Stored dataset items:

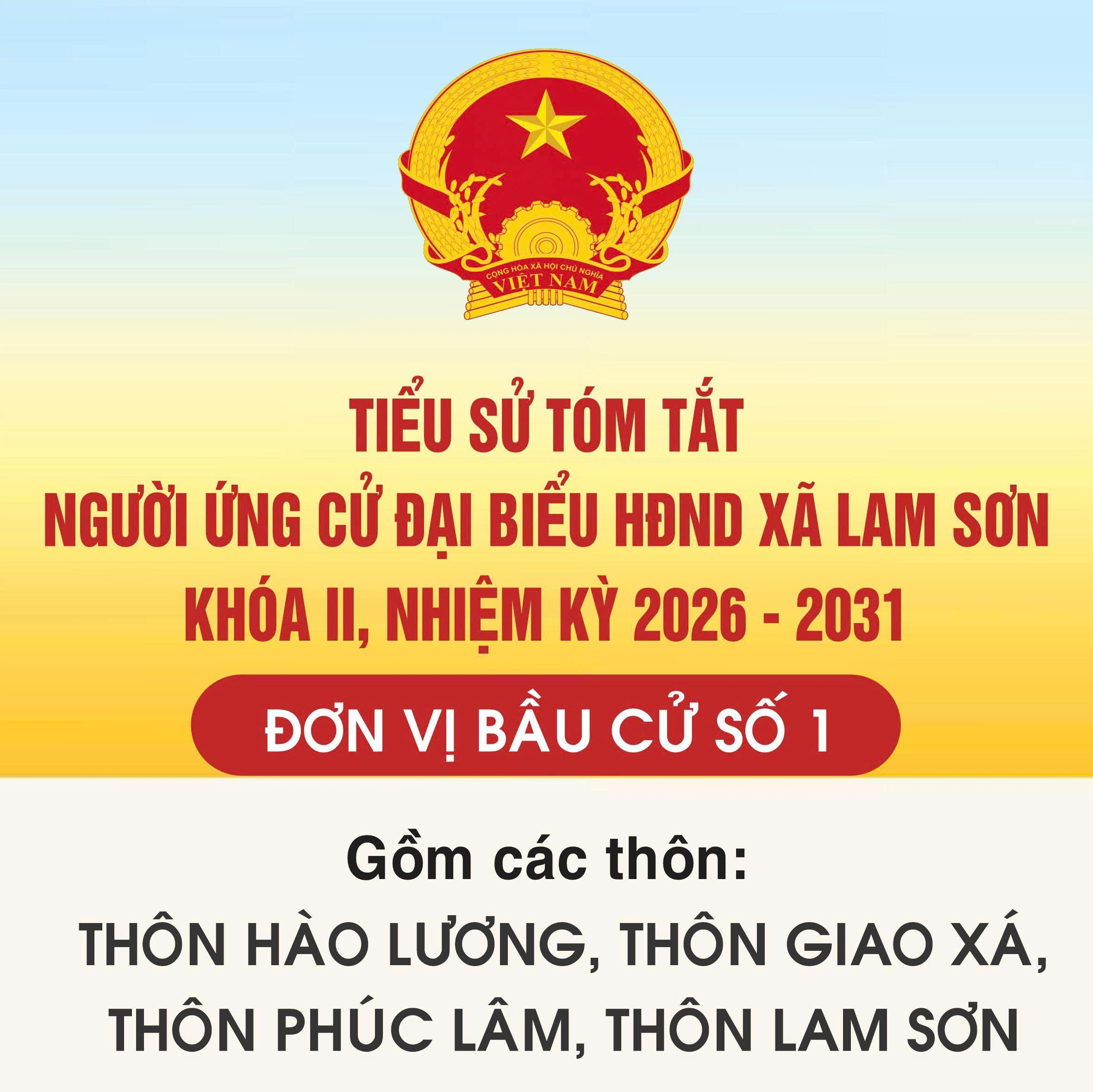 Công khai tiểu sử tóm tắt của các ứng cử viên đại biểu HĐND xã Lam Sơn khóa II, nhiệm kỳ 2026 - 2031 tại đơn vị bầu cử số 1
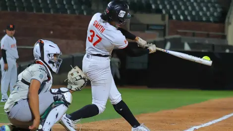 Con par de corredoras sobre las colchonetas, Morgan Smith tomó turno y se fue para la calle en un potente tablazo de cuatro esquinas.
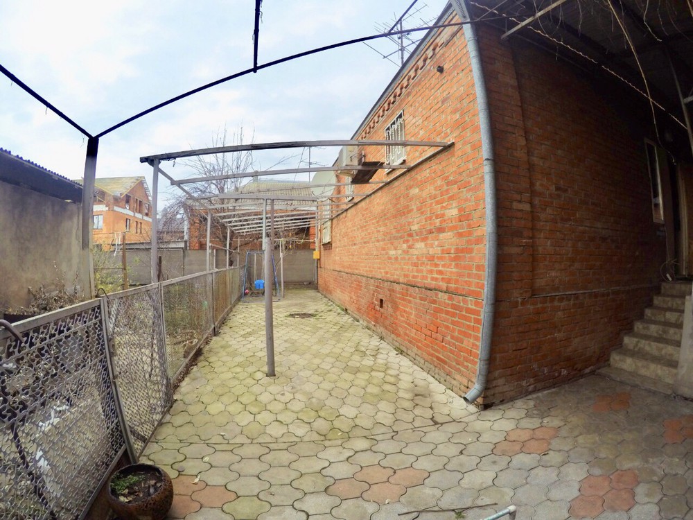 Двор покрыт плиткой, спокойно вмещаются 2 машины. Есть огород не большой.
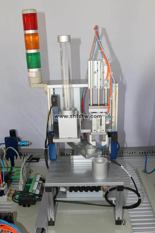 主要由井式供料單元、三工位旋轉工作臺、平面軸承、沖壓裝配單元、光電傳感器、磁性開關、電磁閥、交流伺服電機及驅動器、支架、機械零部件構成 |
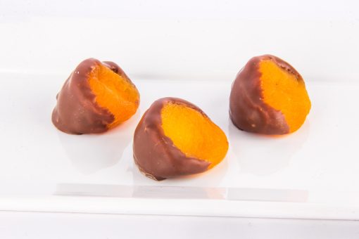 - Damasco Recheado: damasco recheado com creme branco no chocolate ao leite.
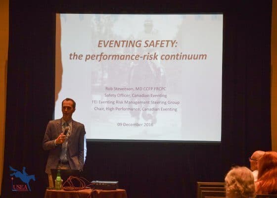 Equestrian Canada’s Chair of the Eventing High Performance Advisory Group and National Safety Officer Dr. Rob Stevenson joined the discussion on equestrian safety at the USEA Convention this afternoon with a seminar on The Eventing Risk Management Continuum.
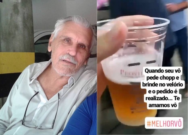 Chope e música completaram a celebração da vida de João, relata a neta Brenna Ferrari. “Meu tio (genro do meu avô) lembrou de um acordo que eles tinham feito sobre o velório deles… Que o primeiro que morresse ia fazer um velório alegre, pra lembrar dos momentos bons e dos brindes com os amigos, que era o que ele gostava de fazer sempre nos momentos de tristeza”, conta.
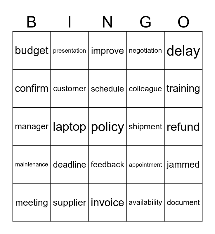 This bingo card has 25 words: deadline, invoice, schedule, meeting, delay, budget, confirm, presentation, shipment, feedback, colleague, manager, appointment, jammed, customer, document, refund, improve, training, laptop, policy, supplier, maintenance, negotiation and availability.
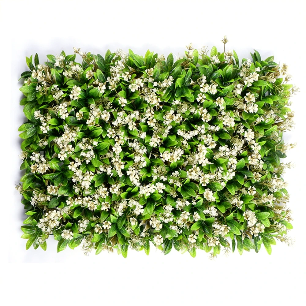 Декоративна Оградa со Цветови од вештачка трева претставува модерно и практично решение за разубавување на секој ентериер или екстериер. Со комбинација од густа зелена структура и нежни бели цветови, оваа декоративна панела создава природен и освежувачки амбиент, без потреба од одржување.
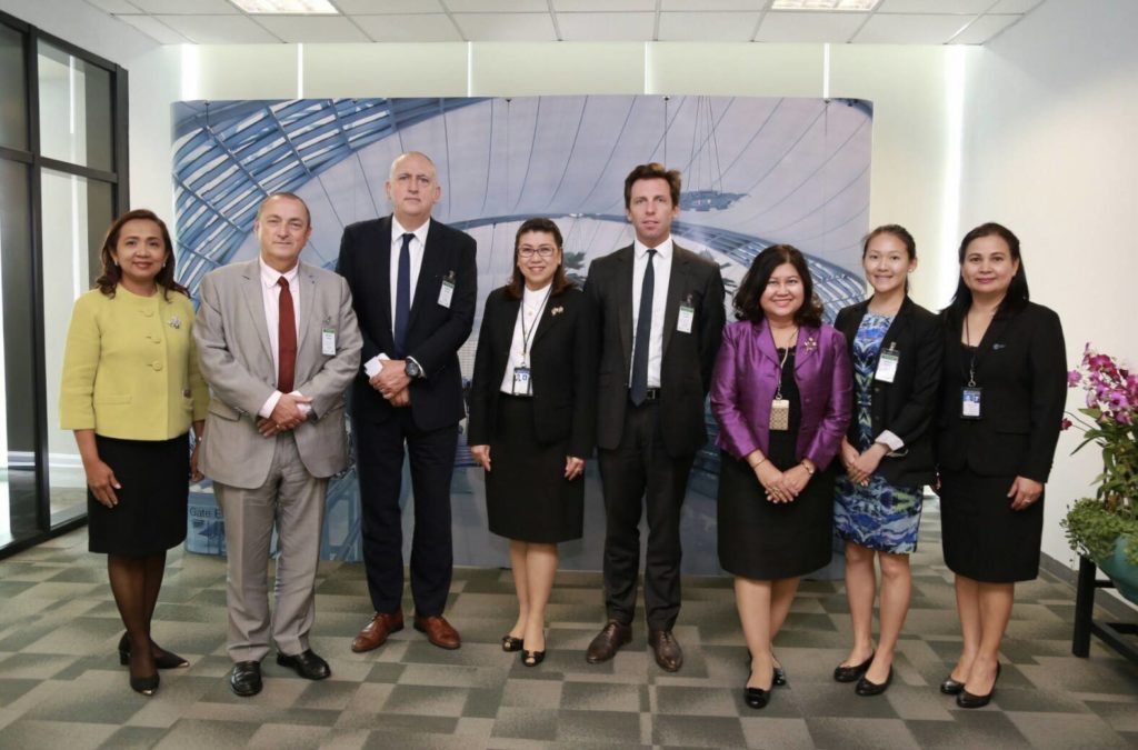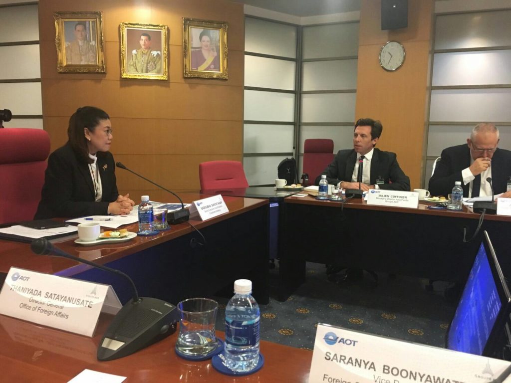 Groupe Aéroport de Paris delegates visited Suvarnabhumi Airport to attend a meeting with AOT representatives on 23 January 2018 where Ms. Sasisubha Sukontasap, Senior Executive Vice President (Corporate Strategy) presided over the meeting.  AOT representatives welcomed Mr.Julien Coffinier, Managing Director Asia Pacific, Mr.Jean-Yves Coulot, Head of Engineering & Design Practice in Asia, Mr. Patrice Bastid, Senior Vice President, ADP International in charge of operations and Ms. Sandra Long, Business Development Analyst for the APAC region at the meeting on the 5th floor of AOB building Suvarnabhumi Airport.

**Prompt**
Both the line containing "Con par de corredoras" and the line containing "Chope e música" above belong in the output, as do the lines between them. Print them exactly, without pictures.

**Solution**
 Con par de corredoras sobre las colchonetas, Morgan Smith tomó turno y se fue para la calle en un potente tablazo de cuatro esquinas.
 Двор покрыт плиткой, спокойно вмещаются 2 машины. Есть огород не большой.
 主要由井式供料單元、三工位旋轉工作臺、平面軸承、沖壓裝配單元、光電傳感器、磁性開關、電磁閥、交流伺服電機及驅動器、支架、機械零部件構成 |
 - Damasco Recheado: damasco recheado com creme branco no chocolate ao leite.
 Equestrian Canada’s Chair of the Eventing High Performance Advisory Group and National Safety Officer Dr. Rob Stevenson joined the discussion on equestrian safety at the USEA Convention this afternoon with a seminar on The Eventing Risk Management Continuum.
 Chope e música completaram a celebração da vida de João, relata a neta Brenna Ferrari. “Meu tio (genro do meu avô) lembrou de um acordo que eles tinham feito sobre o velório deles… Que o primeiro que morresse ia fazer um velório alegre, pra lembrar dos momentos bons e dos brindes com os amigos, que era o que ele gostava de fazer sempre nos momentos de tristeza”, conta.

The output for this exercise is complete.